_Your task_
What you return should be the entries, unchanged, without their pictures.

_Recorded data_

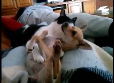 고양이와 강아지의 거침없는 애정행각을 담은 동영상이 화제다. 14일 포털사이트 다음에는 ‘거침없는 애정표현, 아이고야’라는 제목의 영상이 공개됐다. 영상에는 고양이와 개가 등장하는데, 고양이는 연신 개의 귀 아랫부분을 핥고 있다. 네티즌들은 고양이의 이런 행동에 놀란 듯 가만히 있는 개의 모습이 귀엽다는 반응이다.
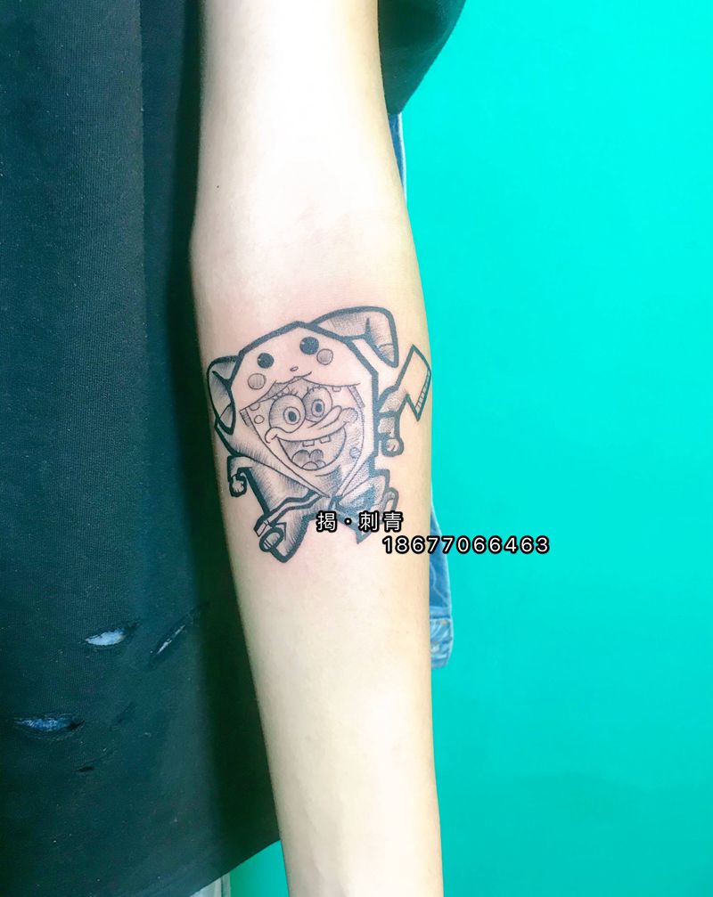 当前位置: 首页 >广西南宁市纹身店-揭 ·刺青纹身图案>海绵宝宝纹身图片_手臂New School纹身图案
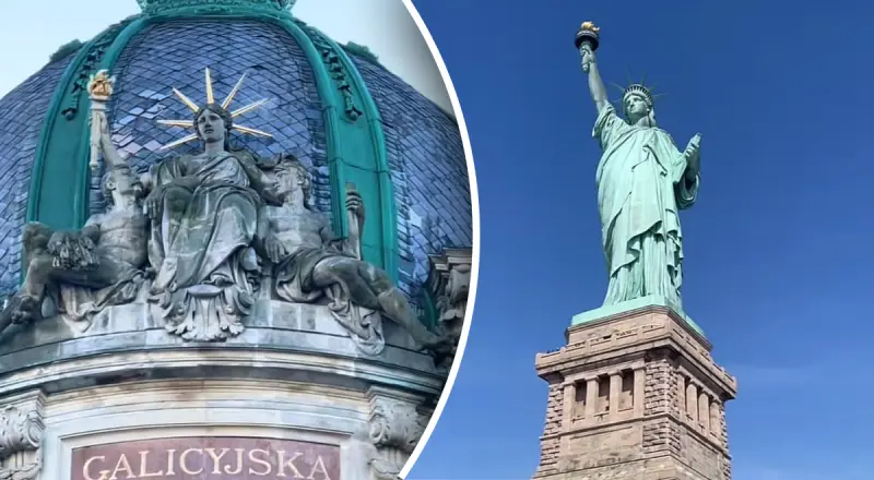 Большинство людей ассоциирует Статую Свободы с Нью-Йорком и Соединенными Штатами, однако подобный символ можно найти и в Украине. И он расположен в самом сердце Львова - над фасадом одного из самых известных исторических зданий города.
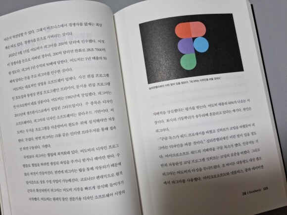 하지만 책에서는 이 인수가 무조건 성공적이라고 이야기는 하지 않습니다. 어도비는 피그마 인수에 성공했지만 승자의 저주에 노출된 상태라는 것입니다. 피그마를 인수해서 경쟁자를 제거하고 시장 지배력을 유지, 강화하는 데는 성공했지만 어도비에도 피그마의 비슷한 어도비XD 프로그램이 있다는 것입니다. 시장 외연이 넓어지지 않으니 당장 매출이나 순익이 드라마틱하게 증가하기도 어렵다는 것입니다.
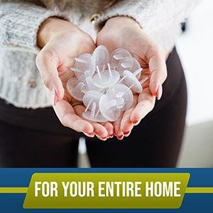 INSTALL IN SECONDS, just insert the safety caps into the unused outlets, and the plug protectors will securely fit in place.

_Finished exercise_
 고양이와 강아지의 거침없는 애정행각을 담은 동영상이 화제다. 14일 포털사이트 다음에는 ‘거침없는 애정표현, 아이고야’라는 제목의 영상이 공개됐다. 영상에는 고양이와 개가 등장하는데, 고양이는 연신 개의 귀 아랫부분을 핥고 있다. 네티즌들은 고양이의 이런 행동에 놀란 듯 가만히 있는 개의 모습이 귀엽다는 반응이다.
 当前位置: 首页 >广西南宁市纹身店-揭 ·刺青纹身图案>海绵宝宝纹身图片_手臂New School纹身图案
 Большинство людей ассоциирует Статую Свободы с Нью-Йорком и Соединенными Штатами, однако подобный символ можно найти и в Украине. И он расположен в самом сердце Львова - над фасадом одного из самых известных исторических зданий города.
 하지만 책에서는 이 인수가 무조건 성공적이라고 이야기는 하지 않습니다. 어도비는 피그마 인수에 성공했지만 승자의 저주에 노출된 상태라는 것입니다. 피그마를 인수해서 경쟁자를 제거하고 시장 지배력을 유지, 강화하는 데는 성공했지만 어도비에도 피그마의 비슷한 어도비XD 프로그램이 있다는 것입니다. 시장 외연이 넓어지지 않으니 당장 매출이나 순익이 드라마틱하게 증가하기도 어렵다는 것입니다.
 INSTALL IN SECONDS, just insert the safety caps into the unused outlets, and the plug protectors will securely fit in place.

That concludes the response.